# VAPERITE | OUR NEW WEBSITE HAS LAUNCHED



## Vaperite South Africa (30/6/20)

*As you can see from the time of this post it has been a long night launching our new website but it has certainly been worth the effort. We hope you will enjoy the functionality of our new site and we welcome any suggestions to make it even better. Click on the image below to visit the actual site.*​


​

Reactions: Like 2 | Winner 2


----------



## Vaperite South Africa (30/6/20)

Our website gurus are still busy uploading the 2 GB database. He was at 93% at 08:08 am. It's been a longer night than I expected. One hour of sleep so far.

Reactions: Like 1 | Winner 3


----------



## Slick (30/6/20)

Vaperite South Africa said:


> Our website gurus are still busy uploading the 2 GB database. He was at 93% at 08:08 am. It's been a longer night than I expected. One hour of sleep so far.
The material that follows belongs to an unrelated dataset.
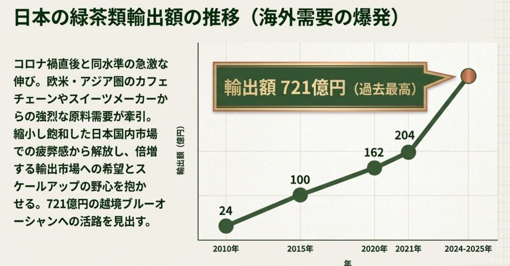この数字は、抹茶が日本企業にとって大きなポテンシャルを持つ越境市場であることを如実に示しています。
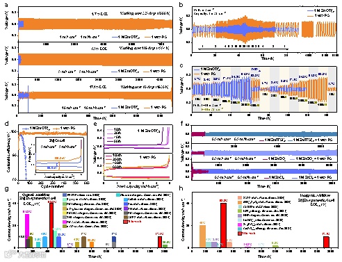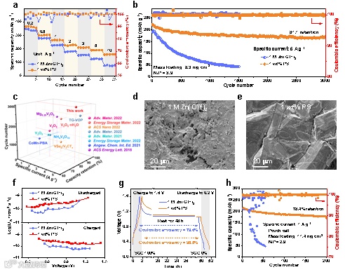 图5 高稳定及高利用率的锌金属电极。a Zn||Zn对称电池在1 M Zn(OTf)2电解液以及含1 wt% PS的电解液沉积/剥离电化学性能。b, c Zn||Zn对称电池在1 M Zn(OTf)2电解液以及含1 wt% PS的电解液沉积/剥离的倍率性能。d Zn||Cu电池在1 M Zn(OTf)2电解液以及含1 wt% PS的电解液的库仑效率,以及(e)不同循环次数下相应的电压曲线。f Zn||Zn对称电池在含有PS添加剂的不同锌盐电解液中循环电化学性能。g, h本研究与近期文献中电解液改性策略再循环可逆性方面对比分析。

@Vaperite South Africa you should do what I do when updating software,just set it on auto so it will start from 2am-4am and you get a full night's rest

Reactions: Like 3


----------



## Vaperite South Africa (2/7/20)

And we are now live ......

Reactions: Like 3


----------



## Stroodlepuff (2/7/20)

Looks great guys! Nice and clean

Reactions: Thanks 1


----------



## Stranger (2/7/20)

Brilliant job, looks bang on

Reactions: Thanks 1


----------



## OnePowerfulCorsa (2/7/20)

I like the new look. Good job.

Reactions: Thanks 1


----------



## Christos (2/7/20)

Looking great @Vaperite South Africa . Nice to see products on the site that were in store and not on the site before. 

Would grease me the right way if there was a launch discount code valid for a day or two  
(Understandably though, economic times are not conducive for discount codes).

Reactions: Like 3 | Thanks 1


----------



## Gizmo (3/7/20)

I think it looks super slick, I love your store locator page it really works well. I need that in my life.

Reactions: Like 3 | Thanks 1


----------



## RenaldoRheeder (11/7/20)

@Vaperite South Africa 

There is a glitch in your system somewhere. I ordered some coils from you and this is what happened:




















So from selecting the product till it got in my cart, the price went from R60 per item to R75




Sent from my iPhone using Tapatalk

Reactions: Like 1


----------



## Silver (11/7/20)

Great looking site @Vaperite South Africa !
Congrats

Looks very clean and slick
Also works nice and fast

wishing you well with it!


----------



## Vaperite South Africa (11/7/20)

RenaldoRheeder said:


> @Vaperite South Africa
> 
> There is a glitch in your system somewhere. I ordered some coils from you and this is what happened:
> 
> ...



Hi Renaldo,

It wasn't a glitch. I was busy checking prices we are paying to bring in stock from China since the Rand tanked and shipping prices went through the roof and the Voopoo products were barely profitable so I had to adjust prices. Unfortunately you must have been on the site when I was busy.

However, after realising that these prices make Voopoo products expensive, compared to other brands we sell, I contacted Voopoo directly and have negotiated wholesale pricing from them that should allow us to get the prices back down to where they were, if not lower, even with the increased exchange rate and shipping costs. Unfortunately, this can only happen when we receive the next shipment. Hopefully that will be before the end of the month.

Regards
Barry

Reactions: Like 1


----------